ENTRIES SUPPLIED:
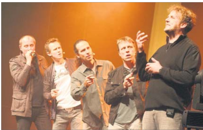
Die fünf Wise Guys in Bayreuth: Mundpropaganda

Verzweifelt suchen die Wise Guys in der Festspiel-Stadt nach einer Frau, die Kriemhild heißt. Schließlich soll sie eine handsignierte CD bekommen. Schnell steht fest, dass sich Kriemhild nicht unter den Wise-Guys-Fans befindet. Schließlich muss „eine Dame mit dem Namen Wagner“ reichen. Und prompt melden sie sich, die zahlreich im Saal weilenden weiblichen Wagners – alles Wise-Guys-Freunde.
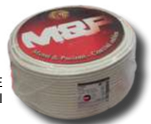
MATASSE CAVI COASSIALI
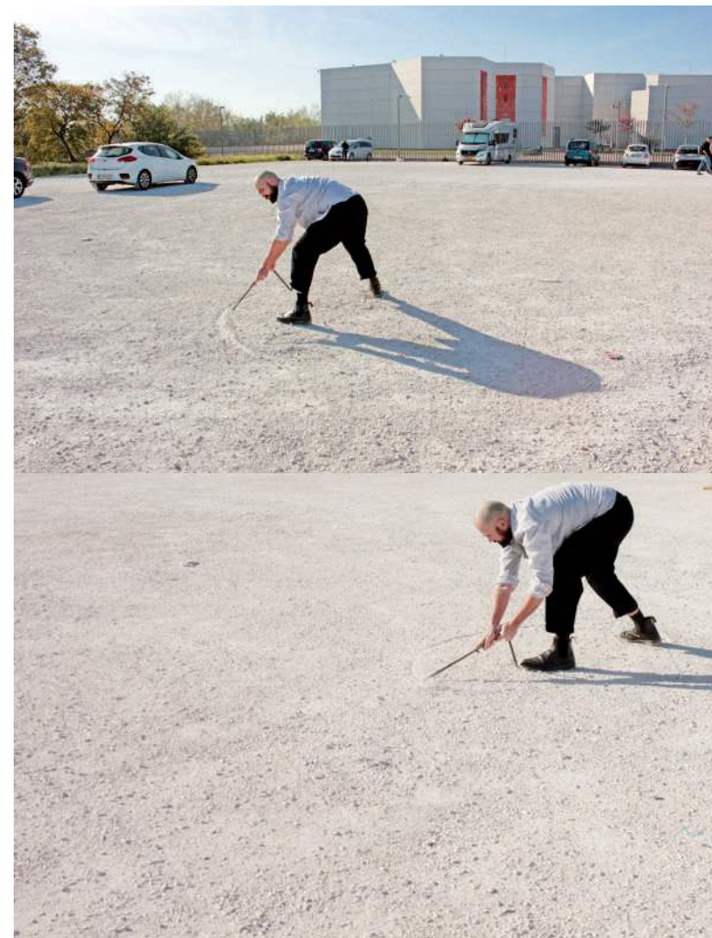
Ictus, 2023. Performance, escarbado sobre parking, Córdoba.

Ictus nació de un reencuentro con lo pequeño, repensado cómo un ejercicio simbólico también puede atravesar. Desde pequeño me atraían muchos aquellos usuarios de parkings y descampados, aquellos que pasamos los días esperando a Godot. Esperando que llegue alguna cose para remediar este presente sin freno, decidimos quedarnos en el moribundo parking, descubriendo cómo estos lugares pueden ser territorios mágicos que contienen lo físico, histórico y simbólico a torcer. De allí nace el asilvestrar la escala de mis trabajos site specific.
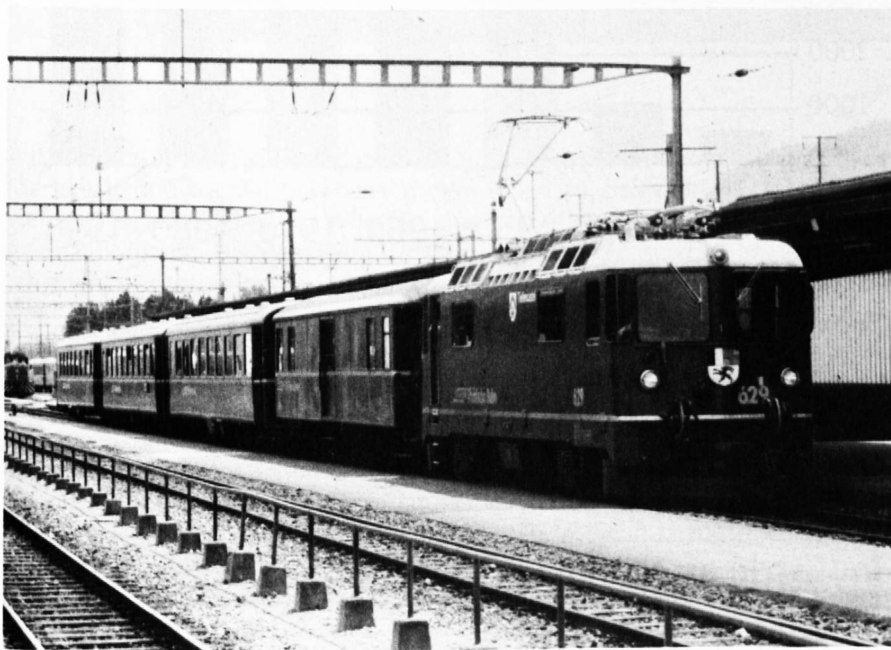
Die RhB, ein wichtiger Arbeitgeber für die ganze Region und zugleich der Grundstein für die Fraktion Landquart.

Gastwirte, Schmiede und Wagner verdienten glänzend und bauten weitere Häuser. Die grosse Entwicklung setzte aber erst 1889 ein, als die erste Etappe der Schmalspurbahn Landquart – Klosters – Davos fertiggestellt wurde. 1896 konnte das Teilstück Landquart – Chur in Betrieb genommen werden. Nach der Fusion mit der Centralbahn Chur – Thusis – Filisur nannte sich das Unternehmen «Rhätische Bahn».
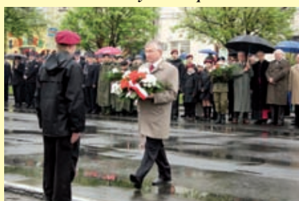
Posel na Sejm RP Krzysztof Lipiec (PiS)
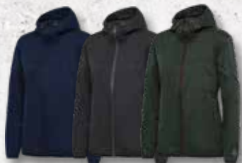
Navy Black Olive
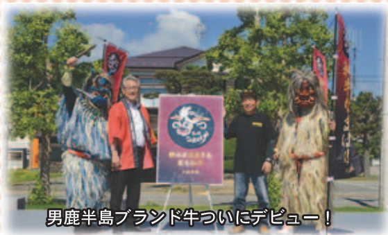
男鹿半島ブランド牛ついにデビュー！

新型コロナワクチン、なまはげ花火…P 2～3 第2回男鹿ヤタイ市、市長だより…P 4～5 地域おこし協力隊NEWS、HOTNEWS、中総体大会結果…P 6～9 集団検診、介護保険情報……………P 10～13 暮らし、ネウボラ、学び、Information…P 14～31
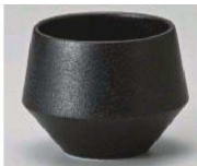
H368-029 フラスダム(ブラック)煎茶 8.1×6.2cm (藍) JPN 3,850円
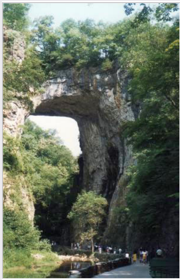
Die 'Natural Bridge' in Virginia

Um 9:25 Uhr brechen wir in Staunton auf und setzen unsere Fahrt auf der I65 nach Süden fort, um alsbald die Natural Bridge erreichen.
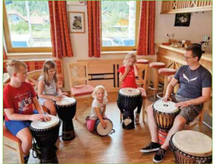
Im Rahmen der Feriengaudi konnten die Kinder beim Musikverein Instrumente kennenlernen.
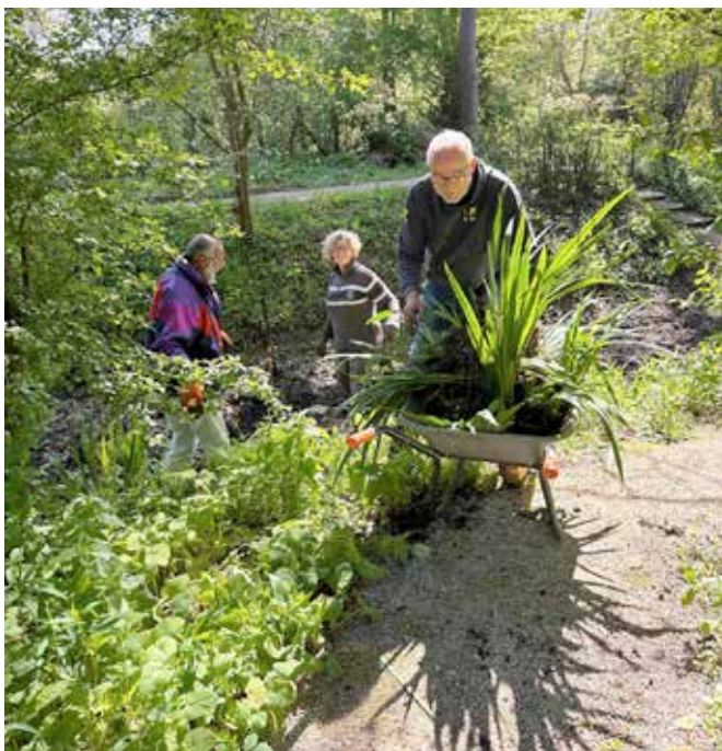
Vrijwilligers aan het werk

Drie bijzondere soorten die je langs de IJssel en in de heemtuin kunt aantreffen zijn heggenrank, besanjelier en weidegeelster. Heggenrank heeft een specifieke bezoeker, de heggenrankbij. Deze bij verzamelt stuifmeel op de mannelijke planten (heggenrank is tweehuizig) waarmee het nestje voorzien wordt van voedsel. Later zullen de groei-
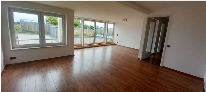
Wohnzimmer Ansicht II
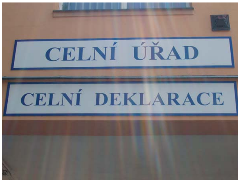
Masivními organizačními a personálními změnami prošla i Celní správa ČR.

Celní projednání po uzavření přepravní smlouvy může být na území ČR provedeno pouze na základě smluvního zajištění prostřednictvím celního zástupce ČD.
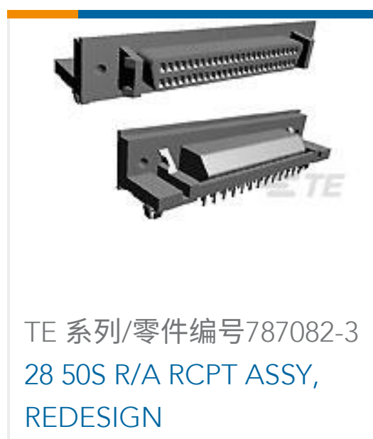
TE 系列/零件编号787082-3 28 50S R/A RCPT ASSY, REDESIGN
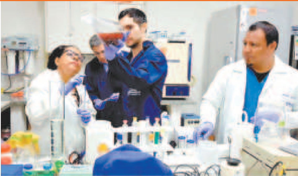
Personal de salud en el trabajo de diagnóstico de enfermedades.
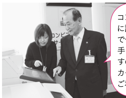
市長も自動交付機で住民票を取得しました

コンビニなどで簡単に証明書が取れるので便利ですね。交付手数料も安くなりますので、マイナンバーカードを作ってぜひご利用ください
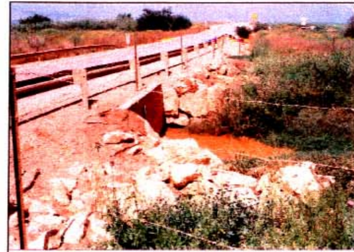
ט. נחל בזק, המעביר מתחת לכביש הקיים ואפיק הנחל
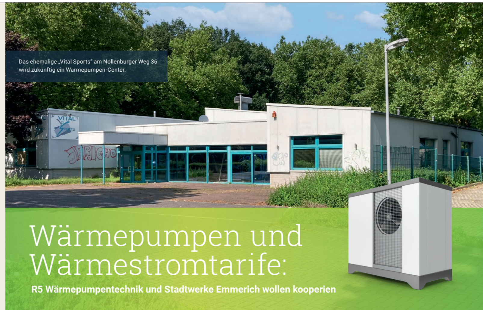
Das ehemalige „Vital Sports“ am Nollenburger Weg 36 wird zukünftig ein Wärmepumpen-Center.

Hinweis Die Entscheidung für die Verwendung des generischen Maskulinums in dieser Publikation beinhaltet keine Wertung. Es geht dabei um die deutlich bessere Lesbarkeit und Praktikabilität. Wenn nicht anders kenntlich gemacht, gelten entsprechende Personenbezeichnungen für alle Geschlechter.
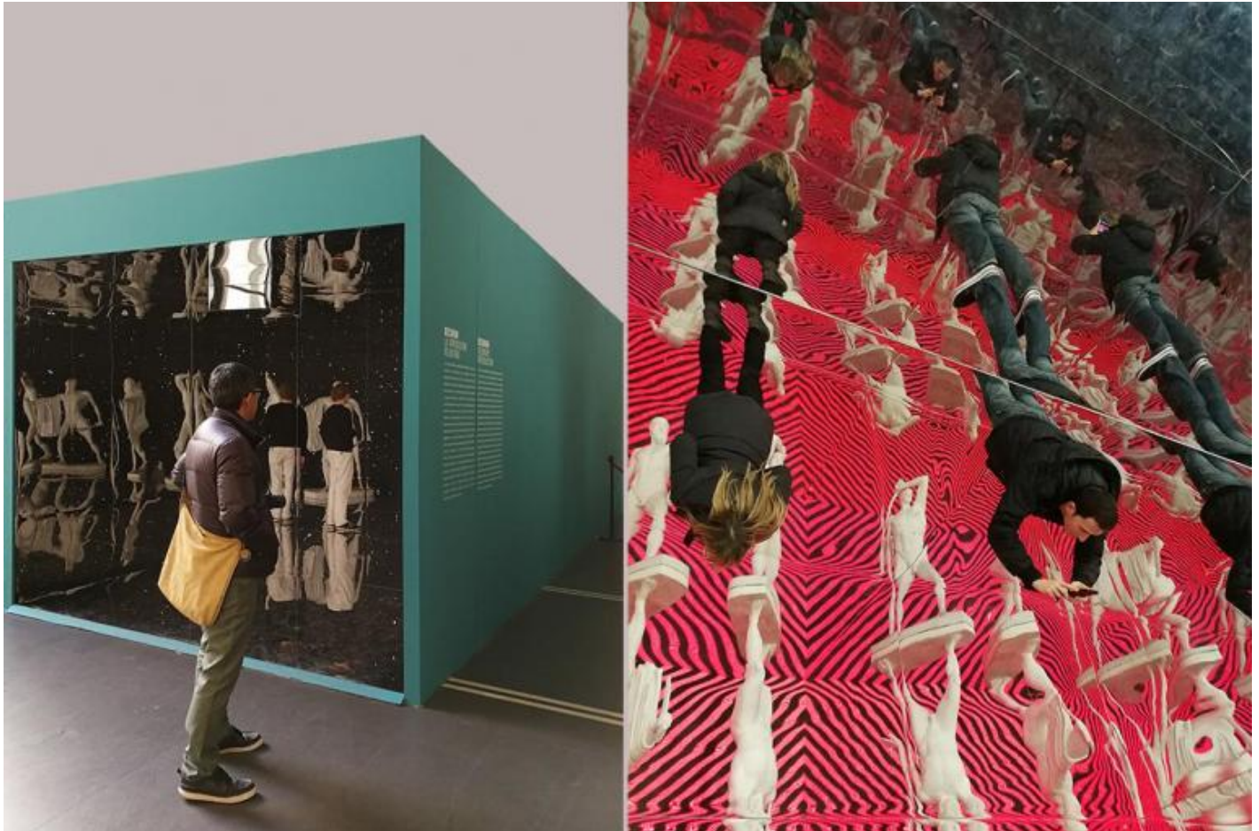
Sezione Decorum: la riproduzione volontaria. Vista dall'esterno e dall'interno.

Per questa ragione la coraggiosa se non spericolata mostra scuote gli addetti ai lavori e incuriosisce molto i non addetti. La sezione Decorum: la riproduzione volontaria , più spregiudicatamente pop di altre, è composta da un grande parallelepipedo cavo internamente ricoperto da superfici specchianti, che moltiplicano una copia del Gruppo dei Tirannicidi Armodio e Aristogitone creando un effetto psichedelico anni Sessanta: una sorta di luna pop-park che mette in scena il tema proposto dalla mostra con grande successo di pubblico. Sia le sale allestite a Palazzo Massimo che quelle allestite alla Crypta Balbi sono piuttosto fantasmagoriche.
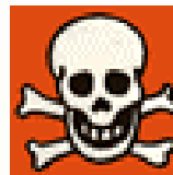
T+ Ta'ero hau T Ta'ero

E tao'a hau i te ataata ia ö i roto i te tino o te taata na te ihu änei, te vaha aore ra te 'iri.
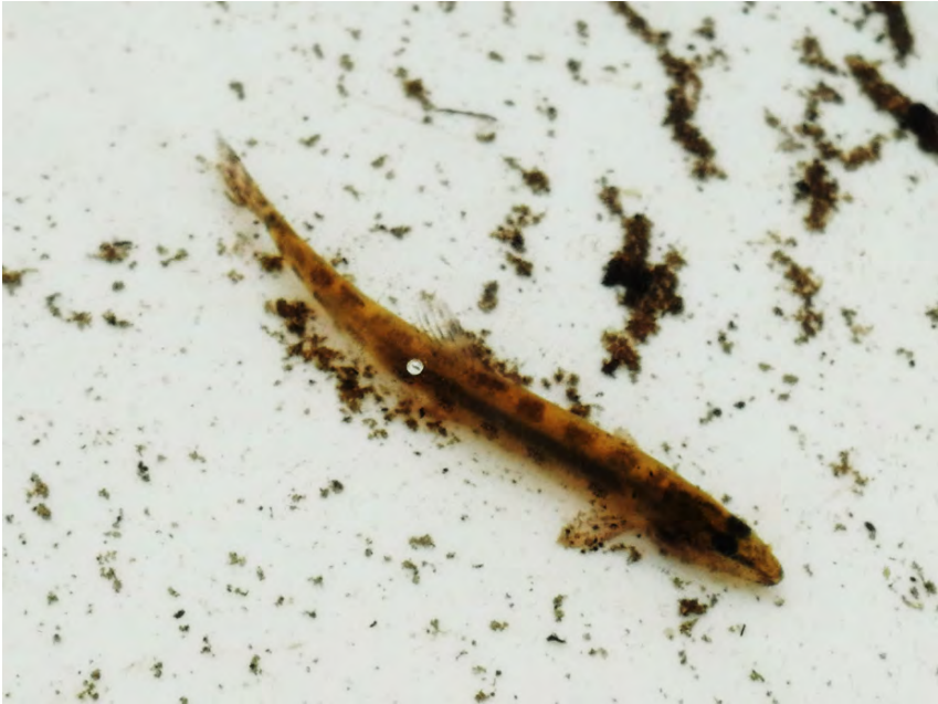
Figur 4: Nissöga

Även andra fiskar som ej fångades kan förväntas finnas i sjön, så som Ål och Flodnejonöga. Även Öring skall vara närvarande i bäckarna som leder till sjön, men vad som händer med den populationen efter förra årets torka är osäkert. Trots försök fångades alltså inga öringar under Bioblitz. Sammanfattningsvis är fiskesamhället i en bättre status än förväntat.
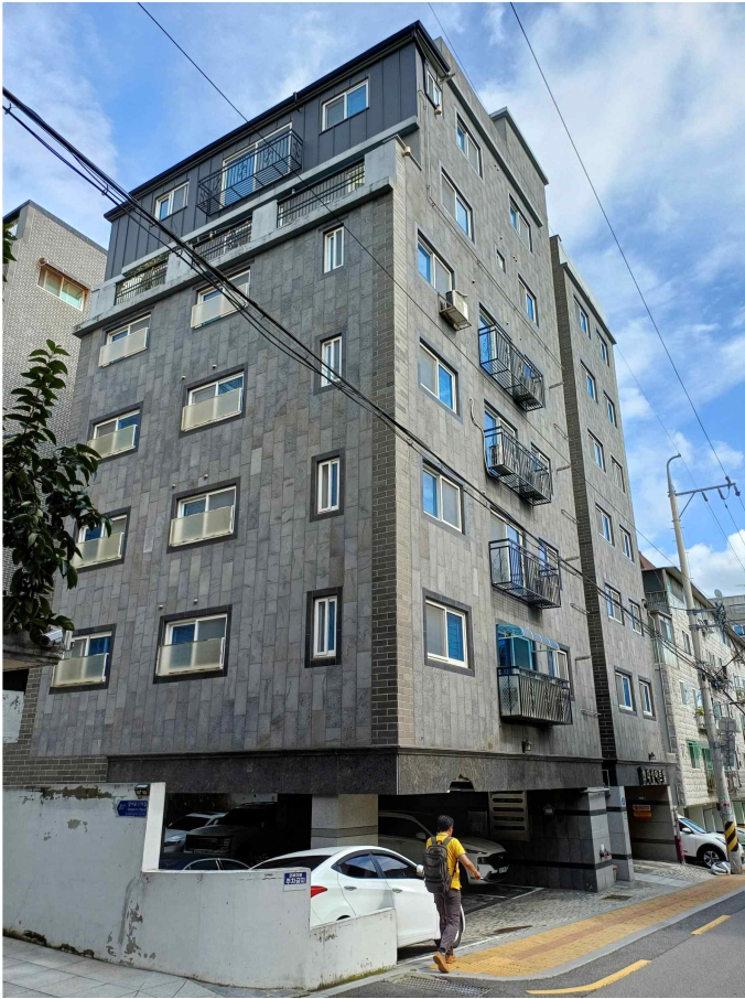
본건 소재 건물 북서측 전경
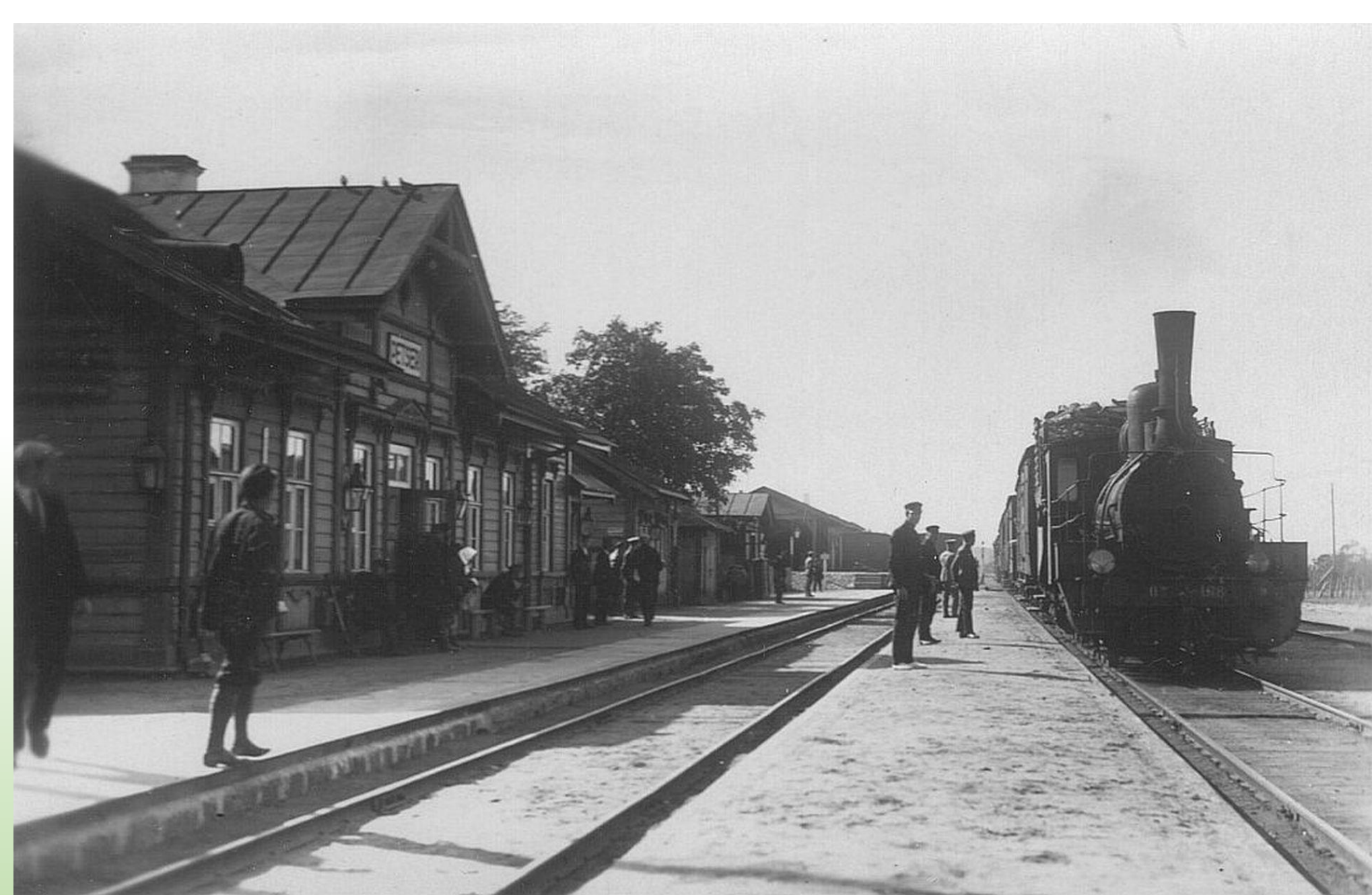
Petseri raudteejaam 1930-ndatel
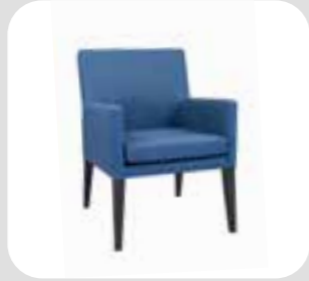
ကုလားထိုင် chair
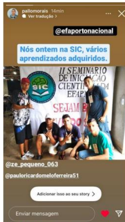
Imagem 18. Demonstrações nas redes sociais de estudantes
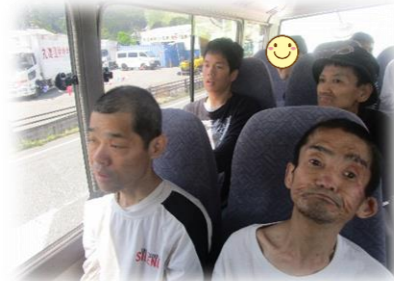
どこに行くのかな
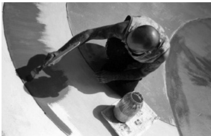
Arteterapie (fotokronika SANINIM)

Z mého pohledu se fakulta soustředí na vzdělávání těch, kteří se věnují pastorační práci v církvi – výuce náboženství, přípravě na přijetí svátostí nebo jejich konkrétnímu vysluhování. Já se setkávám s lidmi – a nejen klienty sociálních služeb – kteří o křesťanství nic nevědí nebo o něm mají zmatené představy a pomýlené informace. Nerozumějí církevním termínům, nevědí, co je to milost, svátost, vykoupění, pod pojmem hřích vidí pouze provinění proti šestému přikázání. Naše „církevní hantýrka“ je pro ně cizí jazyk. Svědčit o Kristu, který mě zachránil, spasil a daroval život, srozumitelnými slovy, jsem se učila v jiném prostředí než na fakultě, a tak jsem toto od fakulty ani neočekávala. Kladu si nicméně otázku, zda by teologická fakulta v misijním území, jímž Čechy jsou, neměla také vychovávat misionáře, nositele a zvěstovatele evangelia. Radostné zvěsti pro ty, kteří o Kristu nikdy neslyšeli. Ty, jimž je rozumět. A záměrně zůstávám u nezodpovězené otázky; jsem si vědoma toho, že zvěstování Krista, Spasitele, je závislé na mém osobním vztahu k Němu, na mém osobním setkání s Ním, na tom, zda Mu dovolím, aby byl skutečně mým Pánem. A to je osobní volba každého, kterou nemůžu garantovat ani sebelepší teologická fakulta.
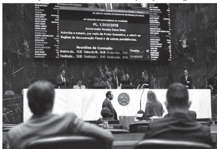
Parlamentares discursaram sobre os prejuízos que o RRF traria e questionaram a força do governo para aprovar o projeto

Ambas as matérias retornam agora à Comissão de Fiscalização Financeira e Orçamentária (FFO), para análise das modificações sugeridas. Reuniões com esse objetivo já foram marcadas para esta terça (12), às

EXERCISE: Retype, exactly and with no pictures, everything above from the line with "Verzweifelt suchen die" down to the line with "Die 'Natural Bridge' in Virginia", both included.

WRITTEN ANSWER:
Verzweifelt suchen die Wise Guys in der Festspiel-Stadt nach einer Frau, die Kriemhild heißt. Schließlich soll sie eine handsignierte CD bekommen. Schnell steht fest, dass sich Kriemhild nicht unter den Wise-Guys-Fans befindet. Schließlich muss „eine Dame mit dem Namen Wagner“ reichen. Und prompt melden sie sich, die zahlreich im Saal weilenden weiblichen Wagners – alles Wise-Guys-Freunde.
MATASSE CAVI COASSIALI
Ictus, 2023. Performance, escarbado sobre parking, Córdoba.

Ictus nació de un reencuentro con lo pequeño, repensado cómo un ejercicio simbólico también puede atravesar. Desde pequeño me atraían muchos aquellos usuarios de parkings y descampados, aquellos que pasamos los días esperando a Godot. Esperando que llegue alguna cose para remediar este presente sin freno, decidimos quedarnos en el moribundo parking, descubriendo cómo estos lugares pueden ser territorios mágicos que contienen lo físico, histórico y simbólico a torcer. De allí nace el asilvestrar la escala de mis trabajos site specific.
Die RhB, ein wichtiger Arbeitgeber für die ganze Region und zugleich der Grundstein für die Fraktion Landquart.

Gastwirte, Schmiede und Wagner verdienten glänzend und bauten weitere Häuser. Die grosse Entwicklung setzte aber erst 1889 ein, als die erste Etappe der Schmalspurbahn Landquart – Klosters – Davos fertiggestellt wurde. 1896 konnte das Teilstück Landquart – Chur in Betrieb genommen werden. Nach der Fusion mit der Centralbahn Chur – Thusis – Filisur nannte sich das Unternehmen «Rhätische Bahn».
Posel na Sejm RP Krzysztof Lipiec (PiS)
Navy Black Olive
男鹿半島ブランド牛ついにデビュー！

新型コロナワクチン、なまはげ花火…P 2～3 第2回男鹿ヤタイ市、市長だより…P 4～5 地域おこし協力隊NEWS、HOTNEWS、中総体大会結果…P 6～9 集団検診、介護保険情報……………P 10～13 暮らし、ネウボラ、学び、Information…P 14～31
H368-029 フラスダム(ブラック)煎茶 8.1×6.2cm (藍) JPN 3,850円
Die 'Natural Bridge' in Virginia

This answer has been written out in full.